Work item:
Please give back each line of the material unchanged, but without the images.

Data section:

=-=-=-=-=

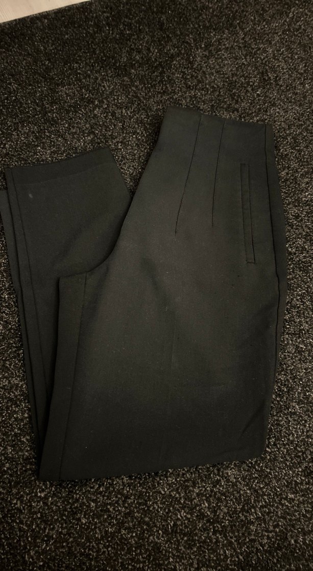 Siyah kumaştan, regular fit ve midi boyda, fermuarlı detaylara sahip kadın ofis pantolonu. Şık ve modern bir görünüm sunar. Paçasını yaptırmak gerekir o yüzden fiyat uygun
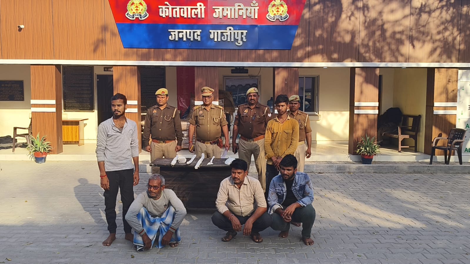 पुलिस ने अपराध एवं अपराधियों के विरुद्ध चलाए जा रहे अभियान के क्रम में शुक्रवार दिनांक 27 फरवरी 2026 को बरेसर नहर पुलिया पर चेकिंग के दौरान मुखबिर खास की सूचना पर चार वांछित अभियुक्तों को गिरफ्तार किया। गिरफ्तार किए गए आरोपियों में भगवान यादव (46) पुत्र स्व. रामनारायण यादव, मंगल यादव (58) पुत्र स्व. रामनारायण, बृजेश यादव (22) पुत्र भगवान यादव तथा शिवप्रकाश यादव (24) पुत्र मंगल यादव शामिल हैं। इसके साथ ही इस मुकदमे से संबंधित एक 17 वर्षीय बाल अपचारी (नाबालिग) को भी पुलिस अभिरक्षा में लिया गया है। सभी आरोपी ग्राम जमानिया पटखौलिया, थाना जमानिया, जनपद गाजीपुर के निवासी हैं।
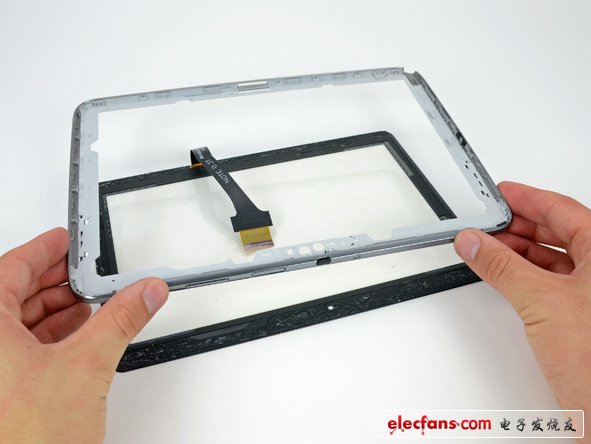 接下來我們要看看這個(gè)LCD能否從玻璃和數(shù)字化儀分離出來。這時(shí)設(shè)備是否具有可修理性的一個(gè)重要因素。如果這個(gè)玻璃可以和LCD分離,那么替換碰碎的玻璃則會(huì)變得更簡單了。
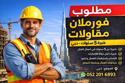 مطلوب فورمان لشركة مقاولات في دبي القصيص خبرة بالمقاولات 5 سنوات بالدولة ولدية رخصة قيادة

=-=-=-=-=

Solution to the exercise:
 Siyah kumaştan, regular fit ve midi boyda, fermuarlı detaylara sahip kadın ofis pantolonu. Şık ve modern bir görünüm sunar. Paçasını yaptırmak gerekir o yüzden fiyat uygun
 पुलिस ने अपराध एवं अपराधियों के विरुद्ध चलाए जा रहे अभियान के क्रम में शुक्रवार दिनांक 27 फरवरी 2026 को बरेसर नहर पुलिया पर चेकिंग के दौरान मुखबिर खास की सूचना पर चार वांछित अभियुक्तों को गिरफ्तार किया। गिरफ्तार किए गए आरोपियों में भगवान यादव (46) पुत्र स्व. रामनारायण यादव, मंगल यादव (58) पुत्र स्व. रामनारायण, बृजेश यादव (22) पुत्र भगवान यादव तथा शिवप्रकाश यादव (24) पुत्र मंगल यादव शामिल हैं। इसके साथ ही इस मुकदमे से संबंधित एक 17 वर्षीय बाल अपचारी (नाबालिग) को भी पुलिस अभिरक्षा में लिया गया है। सभी आरोपी ग्राम जमानिया पटखौलिया, थाना जमानिया, जनपद गाजीपुर के निवासी हैं।
 接下來我們要看看這個(gè)LCD能否從玻璃和數(shù)字化儀分離出來。這時(shí)設(shè)備是否具有可修理性的一個(gè)重要因素。如果這個(gè)玻璃可以和LCD分離,那么替換碰碎的玻璃則會(huì)變得更簡單了。
 مطلوب فورمان لشركة مقاولات في دبي القصيص خبرة بالمقاولات 5 سنوات بالدولة ولدية رخصة قيادة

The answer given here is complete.